Uma vez marcada a raiz de polimento, reduza o espaço entre os dois padrões retangulares para 100 a 200 nanômetros e inicie o polimento em uma corrente de feixe de íons de 30 picoamperes. Monitore o progresso por MEV em dois a três quilovolts. Pare de polir quando o contraste na lamela é perdido por MEV ou quando a camada organoplatina ou a própria lamela começa a perder a integridade.
Adquira e salve imagens SEM de baixa ampliação de cada lamela. Após a conclusão do experimento, remova o vaivém do microscópio. Retire as grades com lamelas e guarde-as sob nitrogênio líquido.
Manuseie as grades com cuidado. Para estudar a morfologia, os esquizontos foram estagnados em diferentes estágios de saída usando o composto dois em inibidores E-64. Na presença do composto dois, o limite entre as membranas parasitóforas e a hemoglobina circundante na hemácia do hospedeiro foi bem definido.

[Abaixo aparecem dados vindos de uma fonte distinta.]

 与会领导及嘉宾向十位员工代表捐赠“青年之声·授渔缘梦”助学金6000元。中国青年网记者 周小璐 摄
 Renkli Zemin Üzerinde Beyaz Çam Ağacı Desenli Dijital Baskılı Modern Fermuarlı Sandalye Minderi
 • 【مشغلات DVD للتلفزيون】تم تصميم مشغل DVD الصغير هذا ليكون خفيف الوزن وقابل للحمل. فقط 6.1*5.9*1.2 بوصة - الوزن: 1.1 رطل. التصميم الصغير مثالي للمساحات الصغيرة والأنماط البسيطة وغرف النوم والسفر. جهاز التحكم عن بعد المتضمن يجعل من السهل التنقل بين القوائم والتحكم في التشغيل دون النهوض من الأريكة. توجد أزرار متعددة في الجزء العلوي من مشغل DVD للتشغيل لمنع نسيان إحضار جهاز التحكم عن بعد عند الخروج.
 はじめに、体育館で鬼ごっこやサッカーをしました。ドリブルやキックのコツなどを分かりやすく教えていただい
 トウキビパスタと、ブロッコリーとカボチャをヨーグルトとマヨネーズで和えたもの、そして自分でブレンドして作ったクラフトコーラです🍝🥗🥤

O vacúolo parasitóforo intacto, ou PVs, foi embalado com merozoítos em um único aglomerado de cristais de hemozoína. Quando dois esquizontes sincronizados foram lavados em E-64, a membrana PV foi rompida e os merozoítos espalhados dentro da hemácia. Um exemplo típico de boa distribuição celular em uma grade de cobre mostra grandes hemácias com uma periferia bem definida e uma membrana de vacúolo intacta.

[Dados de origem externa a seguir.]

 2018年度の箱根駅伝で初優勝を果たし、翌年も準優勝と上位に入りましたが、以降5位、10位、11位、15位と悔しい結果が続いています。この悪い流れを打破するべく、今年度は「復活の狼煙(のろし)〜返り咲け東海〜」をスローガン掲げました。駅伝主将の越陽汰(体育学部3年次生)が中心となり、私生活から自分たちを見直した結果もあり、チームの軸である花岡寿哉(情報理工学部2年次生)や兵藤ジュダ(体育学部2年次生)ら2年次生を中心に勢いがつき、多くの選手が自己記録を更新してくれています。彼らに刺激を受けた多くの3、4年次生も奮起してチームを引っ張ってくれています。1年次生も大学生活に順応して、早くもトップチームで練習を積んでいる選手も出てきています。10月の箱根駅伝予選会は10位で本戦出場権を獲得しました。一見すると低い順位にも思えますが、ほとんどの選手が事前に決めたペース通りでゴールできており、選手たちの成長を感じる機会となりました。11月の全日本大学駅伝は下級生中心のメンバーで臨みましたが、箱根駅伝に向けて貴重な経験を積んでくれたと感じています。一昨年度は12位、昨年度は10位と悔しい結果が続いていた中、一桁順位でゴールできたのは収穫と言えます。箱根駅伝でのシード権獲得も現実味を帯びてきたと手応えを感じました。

Dentro de uma hemácia hospedeira parcialmente colapsada, os merozoítos individuais foram visualizados como pequenos aglomerados de células. Cada esquizonto tinha uma mancha preta em seu centro, indicando a posição dos cristais de hemozoína. Após a fresagem, as grades foram carregadas no ETM para identificar as posições das lamelas e encontrar áreas adequadas para serem alvo pela tomografia.
Na micrografia da amostra, um eritrócito que havia sido invadido recentemente por um merozoíto pode ser visto. O merozoíto envolto pela membrana derivada da célula hospedeira pôde ser visto dentro do limite da hemácia. Na extremidade apical do merozoíto, as duas membranas que circundam a célula e quatro membranas empilhadas no ápice do merozoíto associadas a uma característica em forma de cogumelo elétron-denso eram claramente visíveis.

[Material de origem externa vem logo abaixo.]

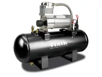 The 20005 Air Source Kit comes with a 280C VIAIR compressor mounted on a 2.0 gallon air tank with a pre-wired 90/120 PSI pressure switch . Kits comes with a drain cock, safety valve, compression fitting, and pressure switch pre-installed and wired.
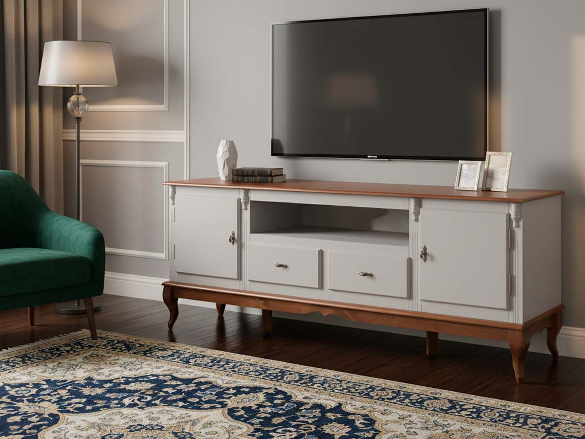 Rack Linz 2 Portas Madeira 2 Gavetas Pés Luis XV 75 x 195 x 40 cm (A x L x P). O rack Linz é fabricado em matéria prima selecionada e de extrema qualidade. Seu design inspirado neoclássico traz classe e requinte ao ambiente. Cuidamos de cada detalhe para criar uma linha exclusiva e diferenciada, que possa ser combinada com diferentes estilos de decoração. Para você que está pensando em redecorar seu espaço, as peças desta linha com certeza são indispensáveis. O rack hanover conta com diversas opções de pintura, pés Luis XV, duas portas, duas gavetas e um nicho. Possui 0,75 m de altura por 1,95 m de largura e 0,40 m de profundidade. O rack de madeira hanover é enviado montado.
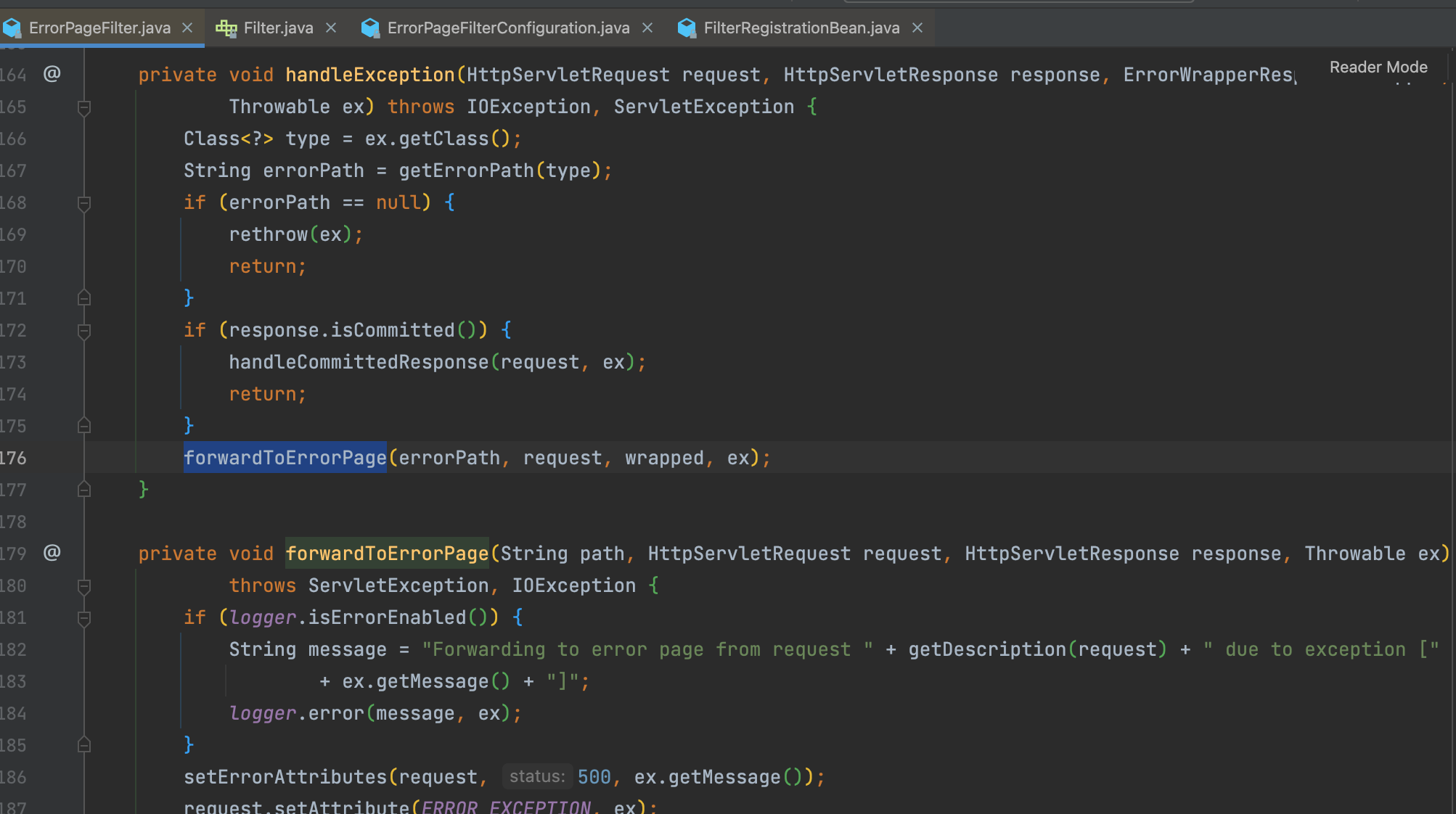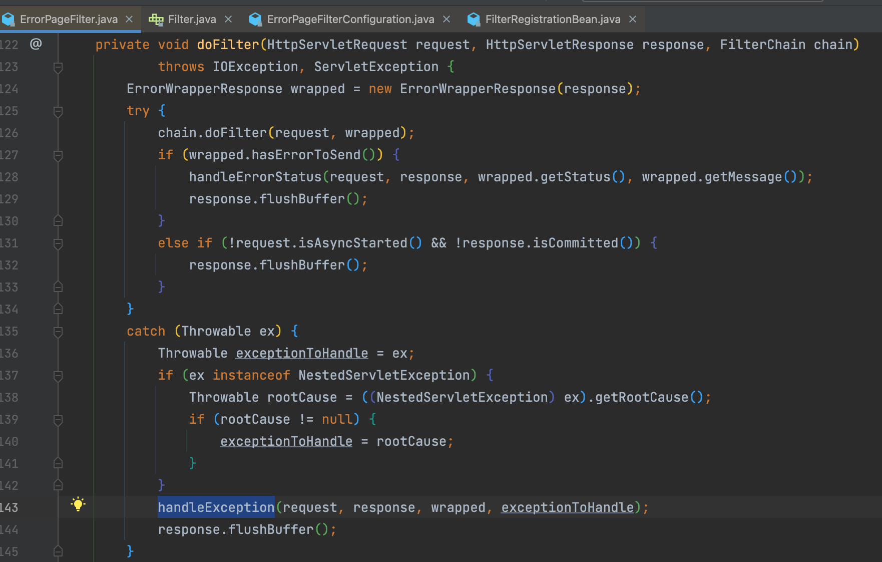 doFilter를 통해 필터링을 통해 request를 진행하다가 문제가 발생한다면(사용자가 핸들링 하지 못한 에러가 발생한다면) catch문을 통해 handleException을 호출하여 해당 에러를 핸들링하고 forwardToErrorPage를 호출하면서 기본적으로 500 status code를 반환하게 만들어 두었다.
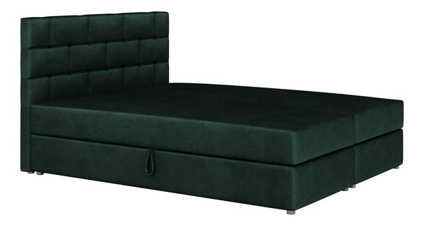 Pat matrimonial Boxspring 160x200 cm Waller Comfort (verde închis) (cu somieră și saltea)
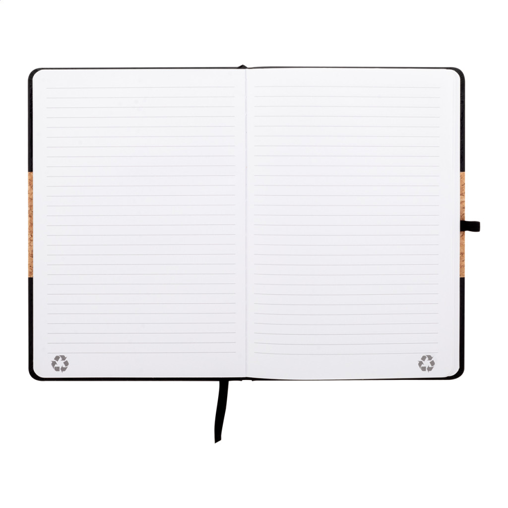 Természetes parafa és újrahasznosított PU bőr borítású jegyzetfüzet hozzáillő színű könyvjelzővel, gumiszalaggal és tolltartóval. 80 vonalas lappal, újrahasznosított papírból. A5 méretű.

Dentro do citoplasma do merozoíto, um evento de fusão entre a membrana plasmática do merozoíto e uma vesícula multicamadas foi identificado. Em uma análise adicional de MET de uma lamela de 230 nanômetros de espessura, a morfologia típica de um merozoíto maduro tratado com E-64 foi observada. Dentro da membrana dos glóbulos vermelhos, a membrana plasmática do merozoíto pode ser vista com organelas como o complexo de membrana interna, anéis polares, micronêmicos, rópticas e o envelope nuclear.
A parte mais importante desta técnica é a otimização das grades para permitir a produção reprodutível e eficiente de lamelas finas. O desenvolvimento desta técnica permitirá aos pesquisadores visualizar moléculas de proteína única dentro de parasitas da malária e determinar seu papel na saída da malária.